[[ RAW DATA, beginning ]]

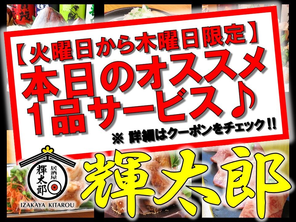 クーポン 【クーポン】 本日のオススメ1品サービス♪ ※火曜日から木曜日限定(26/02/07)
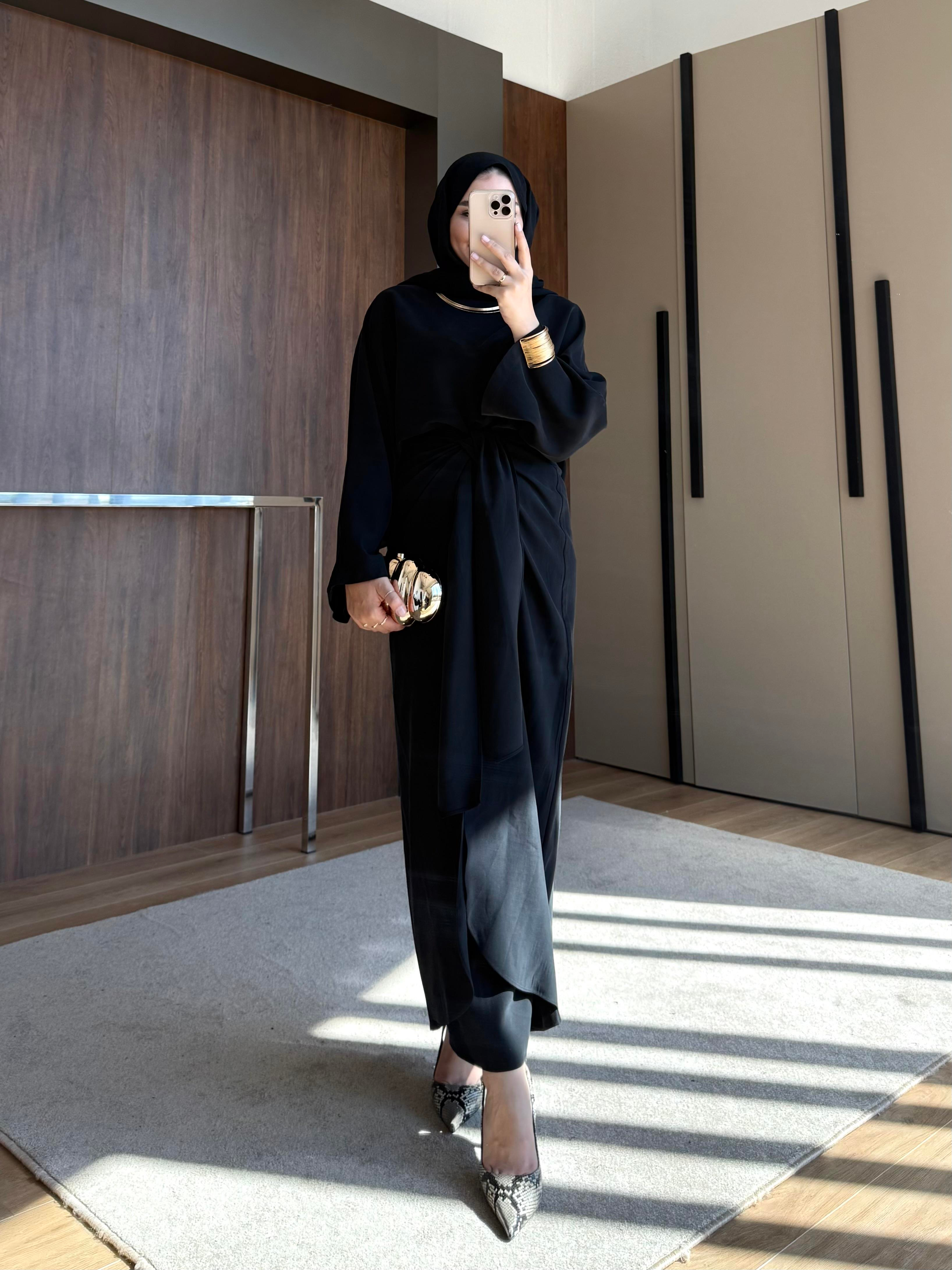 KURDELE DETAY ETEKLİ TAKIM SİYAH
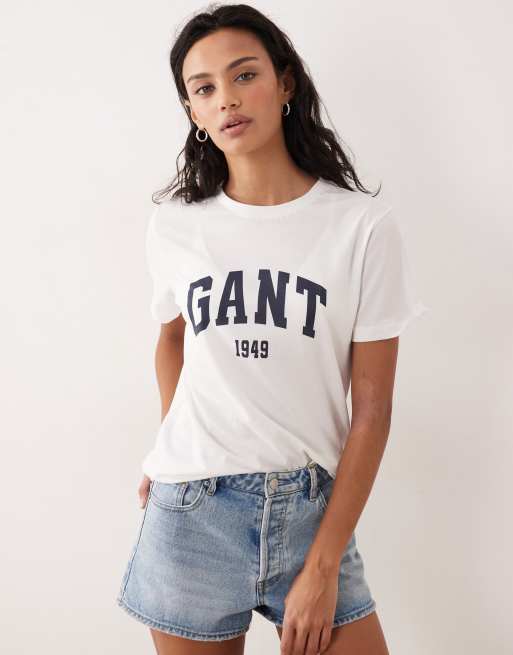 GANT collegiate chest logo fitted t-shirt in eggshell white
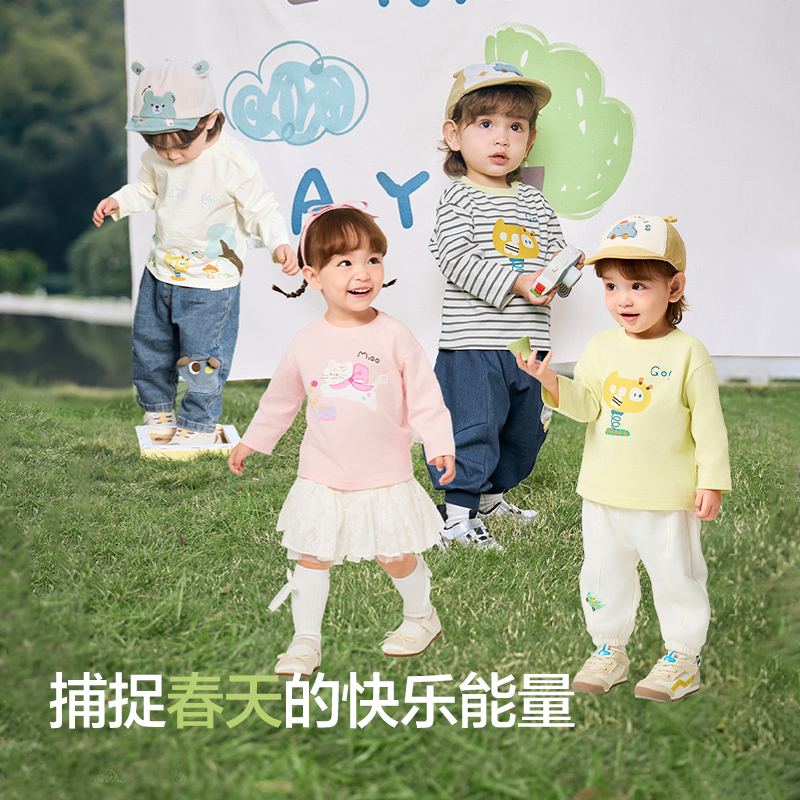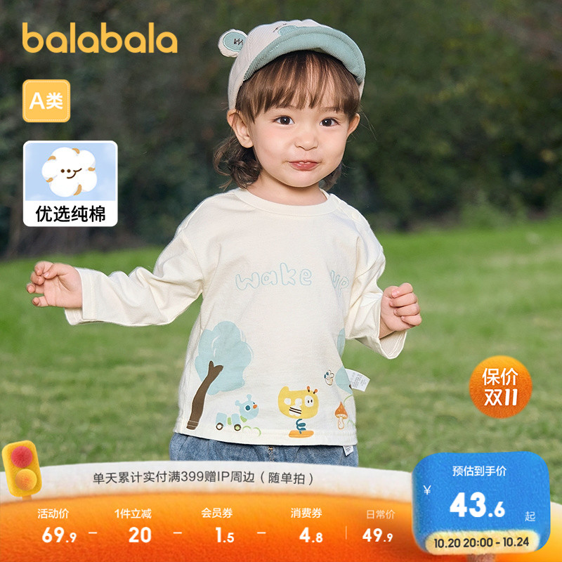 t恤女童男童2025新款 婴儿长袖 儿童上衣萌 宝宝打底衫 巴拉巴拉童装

[[ RAW DATA, end ]]

- **TASK INSTRUCTIONS**
The answer should consist only of the lines from the line with "KURDELE DETAY ETEKLİ TAKIM SİYAH" through the last line of the data, repeated exactly; pictures stay out.

- **SOLUTION TO THIS EXERCISE**
 KURDELE DETAY ETEKLİ TAKIM SİYAH
 GANT collegiate chest logo fitted t-shirt in eggshell white
 t恤女童男童2025新款 婴儿长袖 儿童上衣萌 宝宝打底衫 巴拉巴拉童装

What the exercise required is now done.